Win Some, Lose More
My nine-year-old daughter and I sit across the table from each other, deeply focused. Both our brows are furrowed. Her delicate little brow, and my bigger, Cro-Mag brow. The entire house around us is utterly still. The air is taut with tension, the kind typically reserved for early morning duels: two opponents facing each other just before dawn, pistols raised, barely visible to each other through the fog clinging to the moor.
Situated on the table between us: a checker board.
Checkers. Sport of kings. Wait, that’s chess. Ok, maybe not kings so much. But definitely the sports of middle managers and higher echelon henchmen.
This is her first time playing. It's a birthday gift from my parents, and she loves board games.
Which is tricky because the kid hates to lose. At anything. She's... uh, sort of like her Dad that way.
Before we started, I explained the rules, mapped out a few simple strategies, and said, “Remember, this is your time playing. It may take a few rounds before you start to get the hang of it.”
“Oh yea?” she said, the spark of challenge lighting up her eyes, “How long have you been playing Checkers?”
“A few decades, kiddo.”
“Well we’ll just see about that,” she replied, giving me Smug. This kid. She’s all piss and vinegar at the start of a competition.
“And Daddy?”
“Yea?”
“Don’t let me win.”
And with that, the gauntlet was thrown.
When I was young, my dad and I played a lot of board games. I remember begging him to play a lot (only child), and to his credit, he rarely said no. But you know that thing where you play games with your kid and artfully manage to throw it one direction or the other? You let your kid win one, then maybe you win one, and in the process you teach a gentle, carefully crafted lesson about struggle and hardship? I don’t recall my dad doing that. In my memory, the man preferred to go for the kill. He’ll deny it to this day, but I still remember the gleam in his eye when he rounded that final corner past the Molasses Swamp and made his beeline for the Candyland Castle. Or when he snagged Marvin Gardens after I’d bought the other two yellow properties. Or when he was the first to realize that it was Professor Plum, and only Professor Plum, who’d committed the grisly act of murder. In the Ballroom. With the Candlestick. It wasn’t his fault. He just couldn’t help himself.

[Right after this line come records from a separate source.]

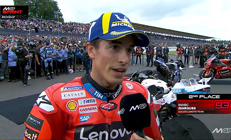 A peine descendu de sa Ducati GP25 du team d’usine Ducati Lenovo après avoir terminé 2e du Sprint du Grand Prix du Royaume-Uni MotoGP 2025 sur le circuit de Silverstone, Marc Marquez s’est confié devant les caméras du site officiel MotoGP.com avec la conviction d’avoir fait le maximum…
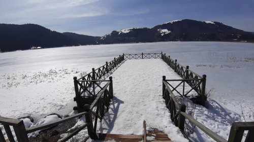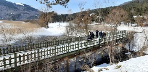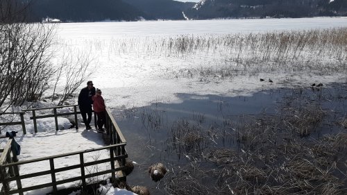 Öte yandan, hava sıcaklıklarının artmasıyla birlikte göl çevresindeki karlar erimeye başlasa da göl yüzeyinde kalan buz tabakası, yiyecek bulmakta zorlanan ördekleri olumsuz etkiliyor. Duyarlı vatandaşlar, aç kalan ördekleri elleriyle besleyerek onlara yardımcı oluyor.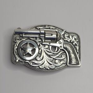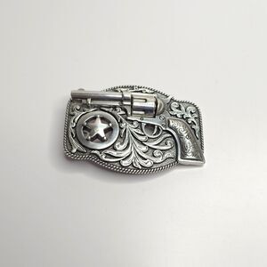 Justin Boots Lil Trigger Belt Buckle Spinning Revolver Western Marshall Badge

We’re fine now, my dad and I. We’re close. I’m just saying. I don’t remember doing a whole lot of winning when I was a kid.
*
So here we are, my girl and I, bent over the checkerboard. Despite several attempts to take a dive, I’ve somehow ended up with twice the number of men left on the board than she has. She's pretty much surrounded. I have no idea how this happened. Seriously, I tried to throw it. The kid just sucks at this game.
She seems to sense what's coming. Her earlier trash talk is no more, and I can see that she’s frustrated. Her jaw is clenched, and her body is tight as a wire as she sits up in her chair. God, I remember that feeling so well. I remember getting so mad at my dad after losing a game, and looking at him through rage-filled eyes when he extended his hand and said, “Good game, Son.” My dad has always been a kind and gracious guy, but back then, I was convinced he was mocking me with that handshake. More than once I came so close to throwing our backgammon board across the room, stomping down to my bedroom and slamming the door.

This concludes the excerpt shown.